Regardless of personal preference, suspension forks are designed to suspend. In the realm of the absurd, if one was to run with the lockout on all of the time it would most likely groove or damage the coating on the sanctions due to the contact at the bushing being restricted to a very small area. Similarly, it is good to hit full travel every now and then to push the oil up to where it can replenish the foam rings found on many forks. This also applies to rear suspension lockouts, not necessarily for sanction wear but for the pivots (they will get very notchy if the force is only hitting in one place), if you paid for that travel you should use all of it, imho.


----------



## Surfacecreations (Sep 8, 2011)

> [push the oil up to where it can replenish the foam rings found on many forks


Can you elaborate on that. You mean turn the fork upside down?


----------



## zebrahum (Jun 29, 2005)

Surfacecreations said:


> Can you elaborate on that. You mean turn the fork upside down?
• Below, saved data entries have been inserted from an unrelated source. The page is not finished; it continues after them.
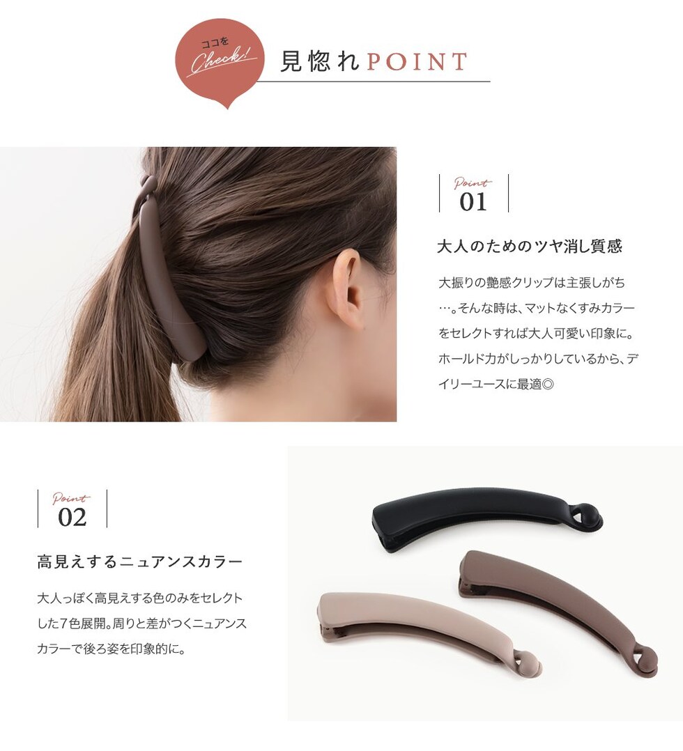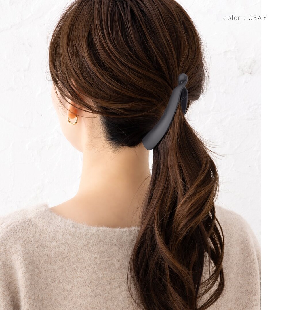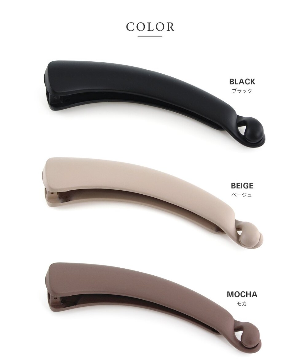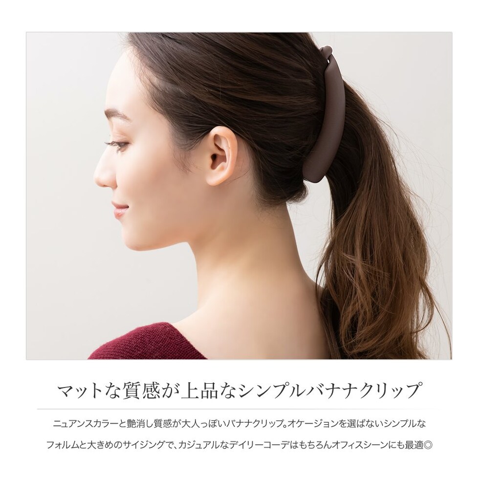 ニュアンスカラーと艶消し質感が大人っぽいバナナクリップ。オケージョンを選ばないシンプルなフォルムと大きめのサイジングで、カジュアルなデイリーコーデはもちろんオフィスシーンにも最適◎
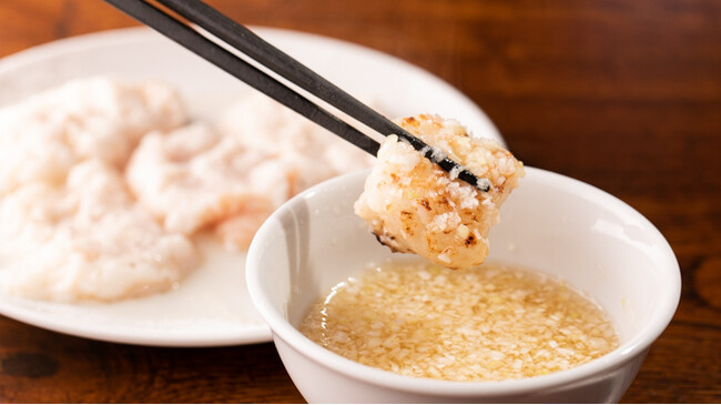 当店人気No.1メニュー!兵庫県明石市の郷土料理「明石焼き」をLMO風にアレンジした、当店オリジナルの「明石焼き」です。脂が乗ったプリプリのホルモンを、香り高い特製の合わせ出汁にくぐらせてお召し上がりください!そしてホルモンの脂の旨みが溶け込んだ出汁は、お肉との相性も抜群!是非お肉もつけてお楽しみください。最後はこの出汁をご飯にかけて!〆にも使える万能出汁を是非味わってみてください。
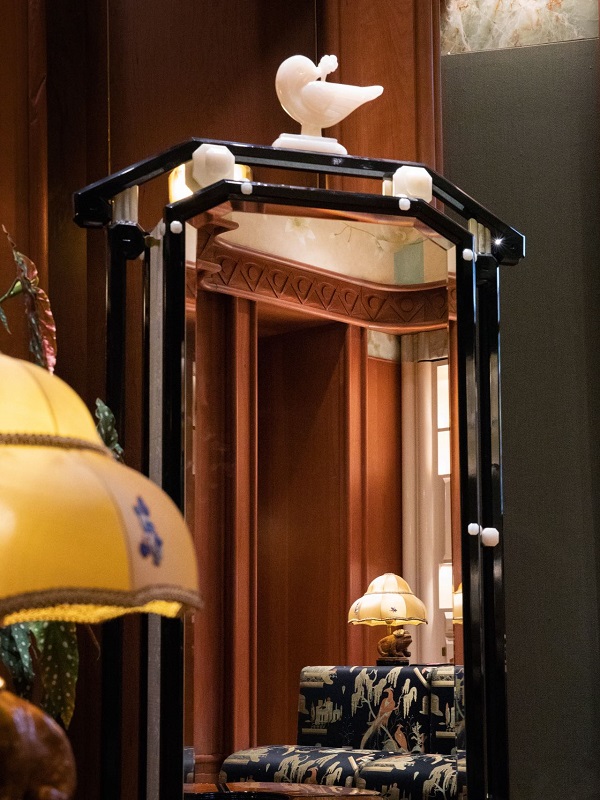 与旅英艺术家杨宇合作共创《海上繁花》主题画作,为二楼沙龙空间定调,从鎏金手绘天顶壁画到缂丝壁灯,层层递进,浸润着岁月沉淀的风华。有此二作为开篇点题,余下景物,皆藏于阁中转角与光影之间,待你步步相逢。
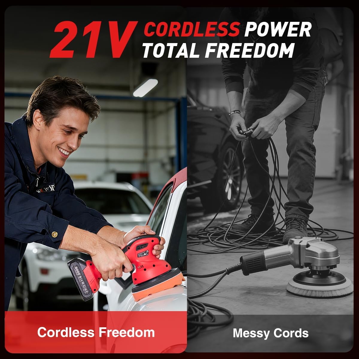 Lightweight and Cordless Design: Only 3 pounds lightweight, compact, and portable design makes it easy to carry and store. A cordless polisher that is not limited by cables. You plug in the battery, and you can use it anywhere
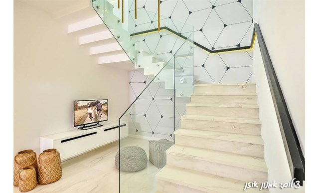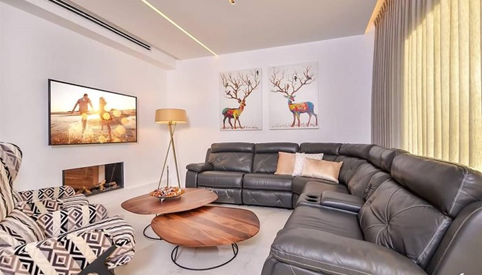 - סלון מרווח וגדול בו קמין גז לאווירה חמה וביתית, מסך טלוויזיה ענק בחיבור לאנדרואיד, מערכת ישיבה איכותית העשויה מעור.
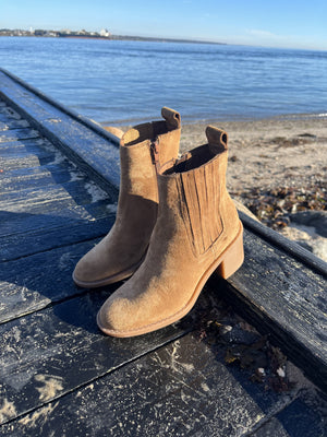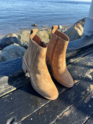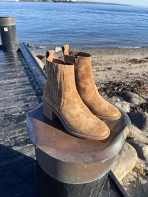 Den har en praktisk lynlåslukning på indersiden, hvilket gør det let at tage støvlen af og på, samtidig med at den sikrer en god pasform. Med en elegant blokhæl på 5 cm får du lidt ekstra højde, uden at gå på kompromis med komforten. Blokhælen giver både stabilitet og et moderne udtryk, hvilket gør støvlen alsidig og velegnet til mange forskellige lejligheder.

Fox recommends that you do turn the fork upside down to lubricate the oil rings but the other poster was talking about reaching full travel to splash the oil up into the rings. Of course, most forks don't work that way, but I agree with the sentiment that riding locked out all the time can cause damage to the fork.


----------



## Dirtrider127 (Sep 17, 2010)

On my Spec FS I had to use both lock outs on climbs since I had big time pedal bob
but with my Pivot I have never used them once


----------



## machine4321 (Jun 3, 2011)

Well i dont know if im doing somthing wrong but i can stand up and give it all i can with out bobbing. It wasnt always like this, in the begining i used lockout all the time. I thought my forks had sezied up because there was no bob. I guess my riding style has evolved.


----------



## KAriadne (Sep 14, 2011)

s0ckeyeus said:


> I use it on road sections. Then I forget to disengage it when I jump back on the trail. :madman:


Ditto.

The trails around here can easily be ridden with the shock locked out or on a rigid fork. HOWEVER, I don't recommend riding them while thinking you have a shock but actually don't.


----------



## Harold (Dec 23, 2003)

I have a Specialized Stumpy FSR, with pre-propedal Fox Float fork/shock. Both have lockouts. I tried them out when I first got the bike, but quickly decided that I do want my suspension to be active while climbing so I've never used them since. It was the whole reason I bought the bike!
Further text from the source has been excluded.